Skild AI announced on April 15 that it bought Zebra Technologies’ entire robotics arm — which is the Fetch Robotics business Zebra paid $290M for back in 2021. The price this time wasn’t disclosed. What Skild actually got is a real, shipping AMR fleet: Freight for pallet and cart moves, Roller Top for conveyor hand-offs, and Symmetry Fulfillment, the orchestration layer that dispatches tasks to robots and frontline workers in real time off Zebra’s wearable scanners.

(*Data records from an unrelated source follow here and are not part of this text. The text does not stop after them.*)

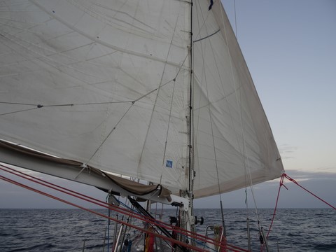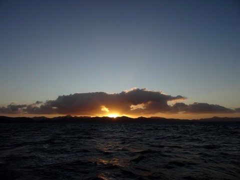 Nous changeons de mouillage car le vent et la houle se sont levées et rendent le mouillage pas agréable du tout .
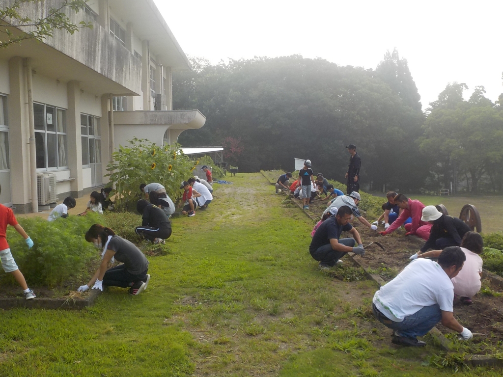 今日は、朝からPTA美化作業がありました。美化作業では、校庭や花壇を中心に除草をしていただき、作業後はとてもきれいになりました。本当にありがとうございました。お疲れ様でした!!
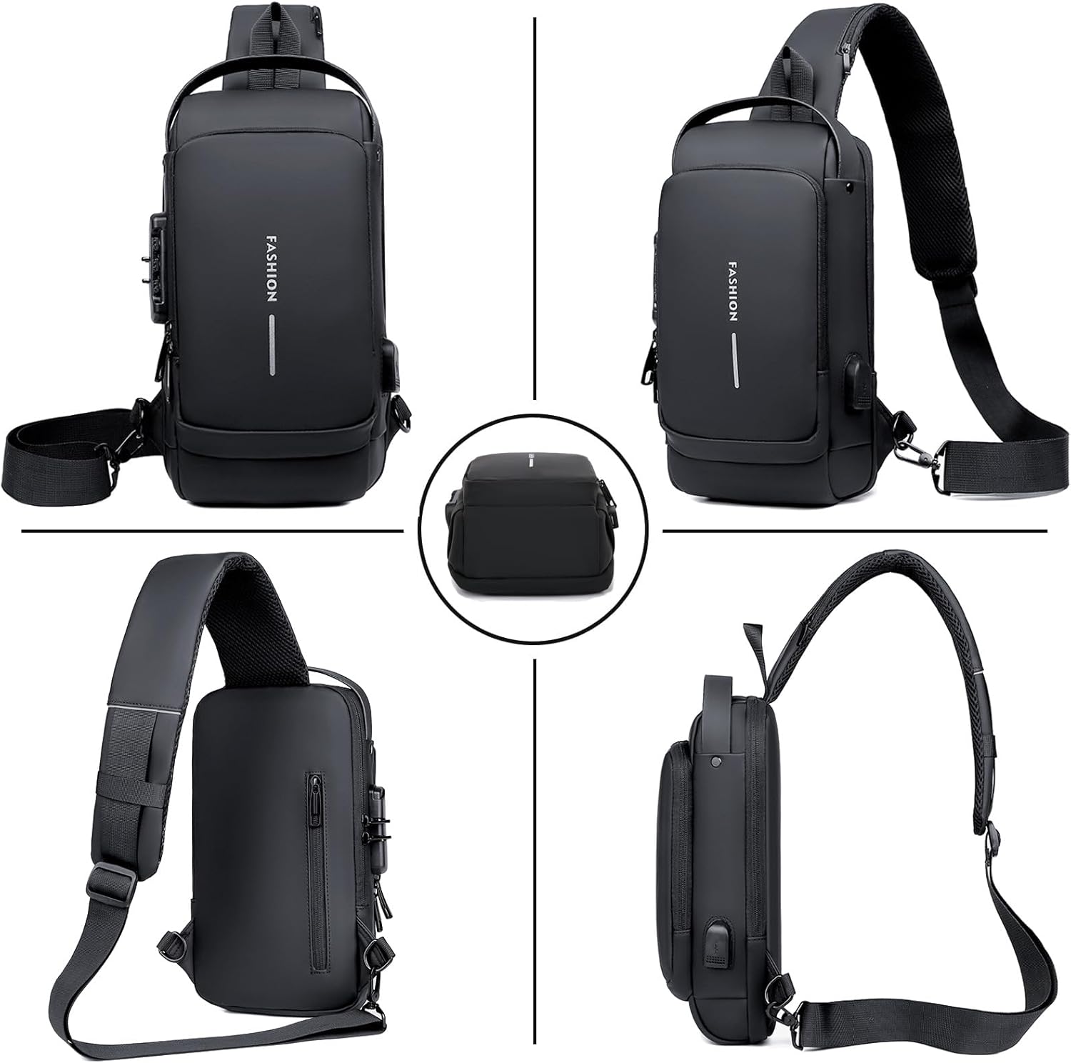 Sling Bag for Men Anti-theft USB Crossbody Shoulder Backpack Purse Waterproof PU Leather Chest Bag Travel Daily Use
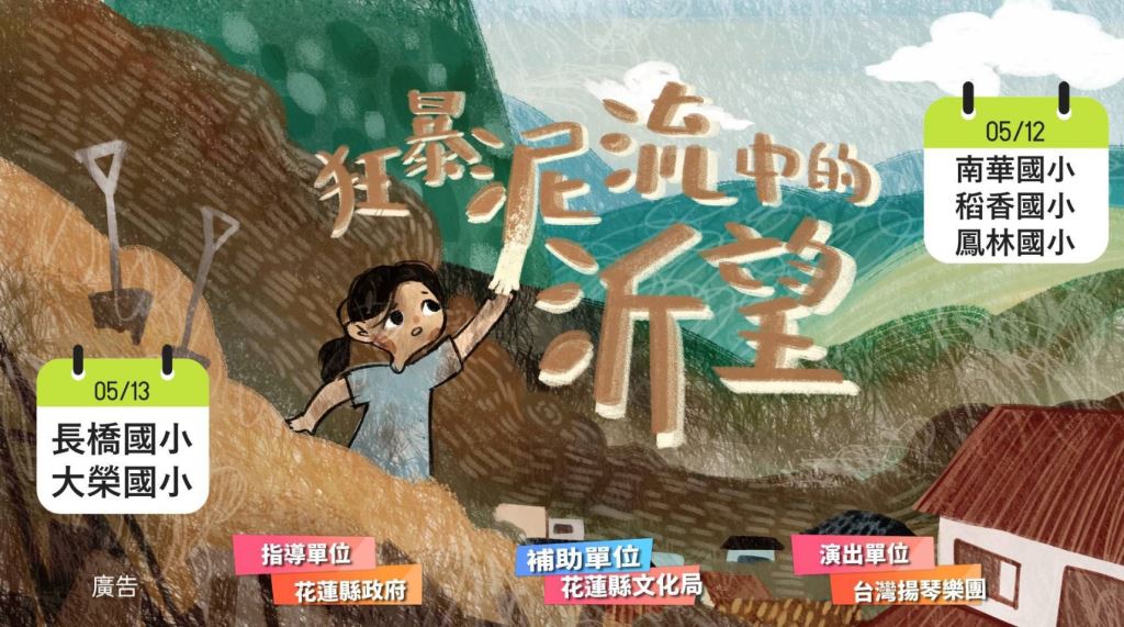 我們以花蓮縣光復鄉馬太鞍溪泥流災難中看到的人性光輝與全臺民眾自動支援的畫面為靈感,結合客家歌謠曲調、動畫繪本、揚琴演奏及主持人說故事方式,製作「狂暴泥流中的『沂』望-勵志繪本故事推廣音樂會」。透過音樂及動畫告訴孩子們要勇敢、要有愛心,學習阿公、阿婆犧牲自我的偉大情操。
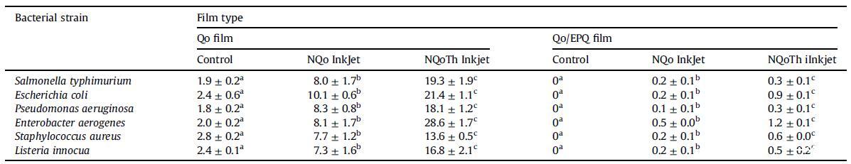 表3注射到薄膜Qo和Qo/EPQ中的百里酚量(mg/cm3)作為印刷次數(shù)的函數(shù)。不同字母表示顯著差異(p<0.05)。
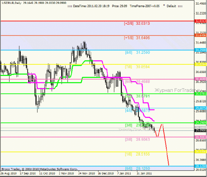 Дневной график USDRUB. На прошлой неделе нисходящий тренд продолжил свое развитие. Цена закрепилась за уровнем 29.2969[3/8] и снижение продолжается. Уровень 29.2969[3/8], не является сильной поддержкой, он не оказывает влияния на цену, когда не развивается боковое движение в канале (3/8 – 5/8), но зато следующий уровень, который встретит цена может оказывать поддержку. Более того, это сильный уровень и от него есть не малая вероятность восходящей коррекции. Предположительно это будет небольшая, локальная коррекция, судя по нисходящему движению, она окончиться уже на уровне 29.2969[3/8]. Максимальный потенциал развития этой коррекции ограничен главным уровнем поддержки/сопротивления 29.6875[4/8]. Основная цель по-прежнему находиться на уровне 28.1250[0/8].
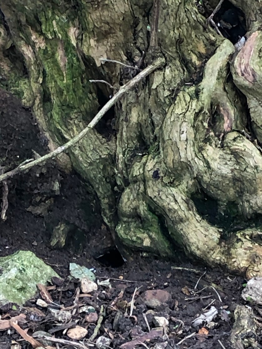 While I was out with the bonfire I noticed two little holes in the bottom of one of the buddleia bushes, if you look closely at the phot you can just about see them. I think this is a mouse home as the cat was pretty interested in the activity under the piles of sticks when they were there, they could be vole I suppose, I would have to sit and wait to see what came out of them to be sure. These bushes were planted way back in the seventies and have done really well to survive this long, the trunks are beautifully gnarly.
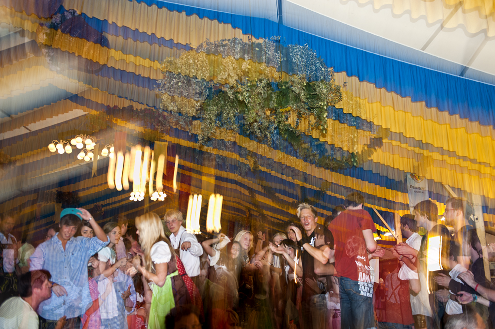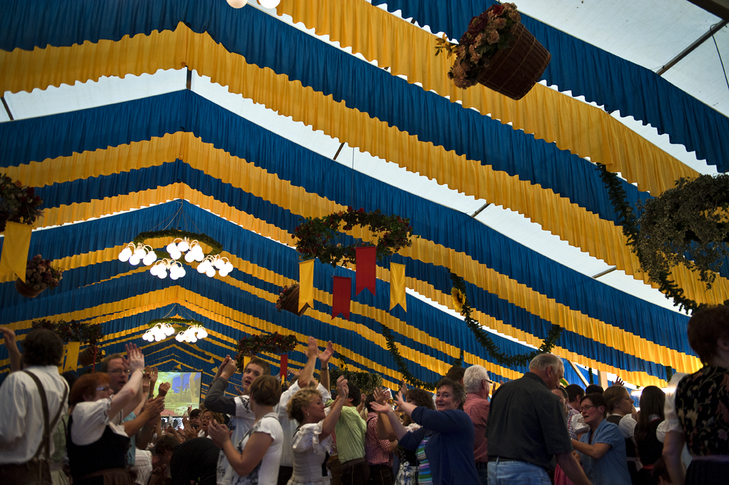 Inzwischen herrscht auch im Bierzelt Hochbetrieb, der Bretterboden bebt.

The hardware, not the idea
These are autonomous mobile robots that already run in production warehouses today. Nothing about the chassis changes. What changes is the brain sitting on top. Skild Brain — the company’s omni-bodied foundation model, backed by their $1.4B round — now drives the fleet, the same model family that already controls humanoids, quadrupeds, and tabletop arms in Skild’s demos. Bloomberg first reported the deal; founder Deepak Pathak confirmed it on X the next day, and the robotics crowd has been arguing about it all week.
Where AI agents plug in
Fetchcore, the cloud platform Fetch has shipped for years, already exposes a REST API plus ROS interfaces: task creation, fleet state, mission scheduling are all programmable today. Skild says it will layer a unified natural-language command interface on top, so an outside agent can issue “pick SKU X to dock 3” and the orchestrator picks whichever body is free — AMR, arm, humanoid, whatever shows up next. One brain, many bodies, one API in front of all of them.